Plato's meeting with Socrates had been a turning point in his life. He spent some eight years [407-399 B.C.] listening to the great master from the moment of his first meeting until the death of Socrates. These years were decisive for his personality and evolution of thought. Following the death of the great teacher he began a long period of travels to lower Italy and Sicily, Cyrene, and to Egypt. In Sicily he met the tyrant of Syracuse Dionysius I and his brother-in-law Dion. With the latter he struck up a close friendship. He had seen in [p. 168] Dion the model future ruler of Syracuse and the person who would apply his theories of government. At the age of about 40 he founded the Academy using as an example the philosophical brotherhood of the Pythagoreans. The main purpose of the Academy was to teach philosophy and science, the quest for pure knowledge. Yet at the same time a second subject was political action in the higher sense. Plato attempted to educate several promising youth who would eventually influence the political development of their native countries, whether Athens or other cities. In this way he clashed with the Sophists who also strove to train the young but in an entirely different spirit and sentiment. The Sophists, believing in the relativity of values, attempted to educate the youth in such a way that they could convince and impress upon others their views, whereas Plato, who believed in the stability of values, strove to create ethical individuals who could impose their views in any unforced and easy manner. The members of the Academy, both young and mature, lived a communal life. The reputation of the school was very widespread both in Athens and abroad. Although Plato had preoccupied himself with the Academy, he never abandoned the hope of political activity. But he was later disillusioned by various events and became convinced that there was no room for actual political activity and so he devoted himself entirely and exclusively to his theoretical works and writing at the Academy. At all events, the manifestations in his life indicate how strong was his attraction to politics, which is stamped by the fact that two of his greatest works the 'Republic' and the 'Laws' dealt with political science.

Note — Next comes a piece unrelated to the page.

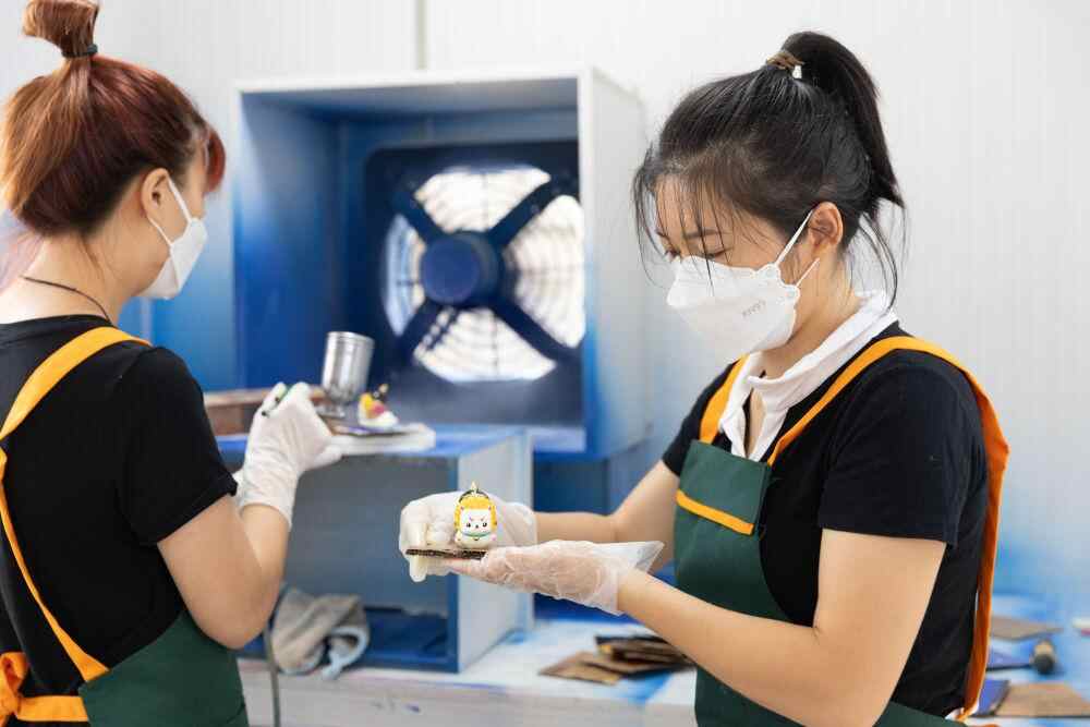 7月27日,工作人员在西畴汤谷文化创意产业园为产品喷漆。新华社记者 吕帅 摄

The attraction which Plato's personality had and the remarkable influence of his thought on subsequent philosophers and thinkers becomes very obvious by the fact that all his works have survived in toto and in excellent condition. They are for the most part in the form of dialogues with Socrates as the central figure. Young men as a rule and even the mature citizens, both Athenians and foreigners, discuss with him the great questions of philosophy. Plato himself does not appear in the works, nor does he speak in the first person. In flowing uninterrupted prose are only the 'Seventh Epistle' which he wrote to the relations of his dear friend Dion when the latter was assassinated, and the 'Apology of Socrates'. To justify his absence from the list of students and friends who are mentioned in the 'Apology', he states that on the day of the trial of Socrates, 'Plato was ill'.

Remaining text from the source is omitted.